Центр сиденья был весь пробит насквозь ножевыми ударами, вокруг лежали метки неточных попаданий. Он подвесил сиденье на гвоздь:

— Это главное занятие моего детства.

Он вынул нож, отошел на другой конец чердака и метнул. Лезвие воткнулось в стену в самой середине круга, в старой пробоине…

Маша вытащила нож из стены, подошла к Бутонову. Ему показалось, что она тоже хочет метнуть нож в цель, но она только взвесила его на руке и отдала ему:

— Теперь я знаю про тебя все…

После этой поездки Маша начала тихие сборы в эмиграцию. Вытащила все бумаги из ящиков письменного стола, разбирала, что выбросить, что сохранить.

Таможенники не пропускали рукописей, но у Алика был знакомый в посольстве, и он обещал отправить Машины бумаги через дипломатический канал. Она сидела на полу в ворохе бумаги, перечитывала каждую страничку, над каждой задумывалась, грустила. Вдруг оказалось, что все написанное — лишь черновик к тому, что ей хотелось бы написать теперь или когда-нибудь…

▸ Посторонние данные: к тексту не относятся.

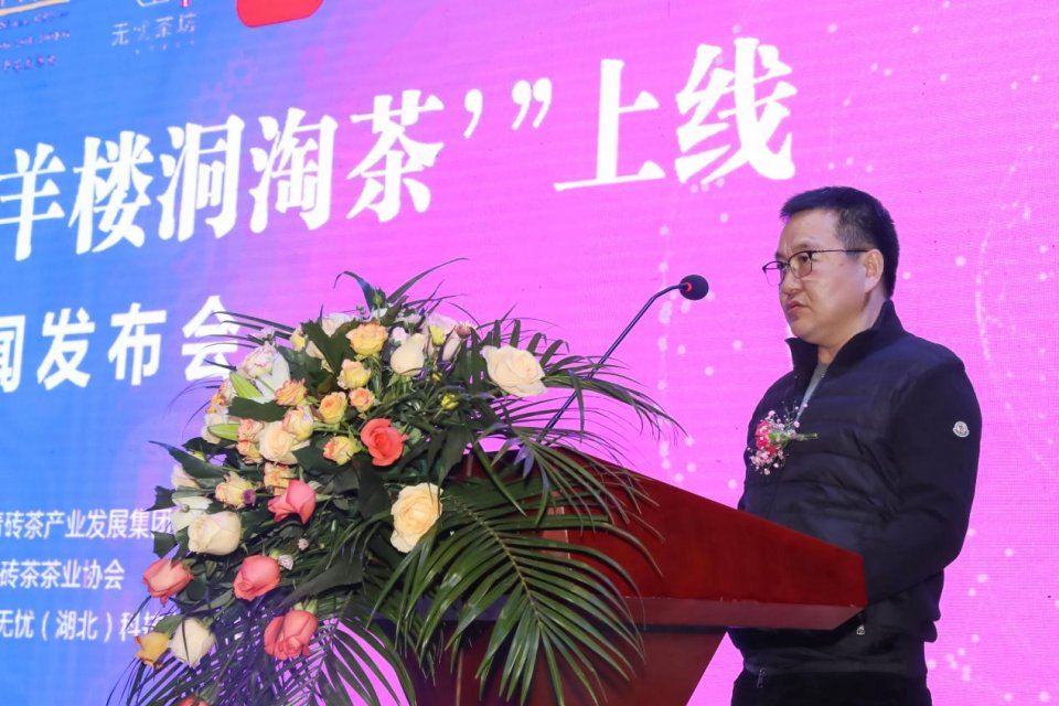 会上,赤壁青砖茶产业发展集团有限公司总经理、赤壁青砖茶茶业协会会长、羊楼洞茶业股份有限公司董事长 刘建军在致辞中提出“期待赤壁青砖茶‘羊楼洞·淘茶’平台以市场为导向,以科技为支撑,以诚信运营为准则,强化品牌思维,提升市场竞争力,抢抓后疫情时代扩消费、拉内需机遇,积极推动赤壁青砖茶产业健康可持续发展,为做大做强青砖茶产业作出贡献。”

— Соберу сборник, назову его «Бессонница».

Стихи выходили на нее, как звери из лесу, совершенно готовыми, но всегда с каким-то изъяном, с хромотой в задней ноге, в последней строфе. «Есть ясновиденье ночное, когда детали прячет тьма, из всех полосок на обоях лишь белая одна видна. Мой груз ночной растаять хочет — заботы, мелочь, мельтешня, — восходит гениальность ночи над неталантливостью дня. Я полюбила даль бессонниц, их просветленный горизонт. На дне остаток нежной соли, и все недостижимей сон…»

Маша сильно похудела, утончилась еще более, и утончился тот дневной мир, который, в отличие от ночного, казался ей неталантливым.

Появился ангел. Сначала она не видела его воочию, но ощущала его присутствие и иногда резко оборачивалась, потому что ей казалось, что очень быстрым взглядом его можно уловить.

Когда он приходил во сне, черты его были яснее, и та часть сна, в которой он являлся, была как вставка цветного куска в черно-белом фильме.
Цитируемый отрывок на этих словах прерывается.